We will provide a lot more details over the next two months, but generally, next year EnerVest expects to run about five rigs in the Barnett that includes the new acquisitions, one to two in the Chalk, two to four in the Knox, and an increased amount of activity in the Mid-Continent. Consistent with our philosophy, our activity will be intended to provide us with modest production growth through the drill bit and more significant growth through acquisitions. Our portfolio gives us the opportunity to do this. Depending on how things evolve with our Utica acreage, EnerVest also anticipates some activity on the EnerVest to operate a Utica acreage, which obviously will impact EVEP.

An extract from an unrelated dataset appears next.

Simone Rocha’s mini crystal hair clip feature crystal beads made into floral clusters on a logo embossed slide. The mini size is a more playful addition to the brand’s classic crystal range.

We’re also busy integrating our closed acquisitions and making plans on the integration of our other new acquisitions. Actually, since we are already in these areas, we anticipate these integration efforts to go reasonably smoothly.

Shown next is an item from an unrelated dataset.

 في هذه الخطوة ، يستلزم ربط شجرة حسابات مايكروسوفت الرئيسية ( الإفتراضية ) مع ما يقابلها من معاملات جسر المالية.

And with that, I’ll turn it back over to John.

John Walker

Thanks, Mark. We’re ready for questions now.

Question-and-Answer Session

Operator

Thank you, sir. (Operator Instructions) And our first question comes from the line of Kevin Smith with Raymond James. Please go ahead.

Kevin Smith – Raymond James

Hi. Good morning, gentlemen.

John Walker

Good morning, Kevin.

Kevin Smith – Raymond James

A question on the Barnett/Encana transaction. Is that deal large enough that you’ll need to file audited statements, I guess similar to what you did last year with Tom?

John Walker

Yes, we will need to file an 8-K/A on that ultimately with audited financial statements we did with Talon last year.

Kevin Smith – Raymond James

Okay. I guess this question is for Mark. What’s your Barnett production look like on a sequential basis? I think last time it was up like 4% and is still turning higher and just not enough to offset from the other declines?

Mark Houser

Actually, Kevin, it’s trending a nice bit higher right now. In October, I mentioned, we brought on several wells in October in addition to some in September. It’s trended up a good bit. Of course we have a lot of those declines on those early wells out there. But generally on that basis we’re – we’ve been upwards.

Kevin Smith – Raymond James

Okay, great. Then my last question I think on your previous call you said you were going to spend roughly $10 million or so and Utica CapEx or at the end of the year. Is that still on pace and how’s that looking?

Mark Houser

Probably a bit slower than that, Kevin. Again, we’re still – most of the activity that’s de-risking the play – EVEP is not having us spend the money and we’re pushing it that way at this point. I would say that would be on the high side. We’re looking more to get more active next year and actually we’re meeting Friday next week to finalize a lot of those plans.

Kevin Smith – Raymond James

Gotcha. Do you think you’ll have well results based on those plans for the fourth quarter earnings call or is that more Q1 earnings call?

Mark Houser

I think Aubrey has said that – you’re talking about in terms of wells Utica or Chesapeake drills?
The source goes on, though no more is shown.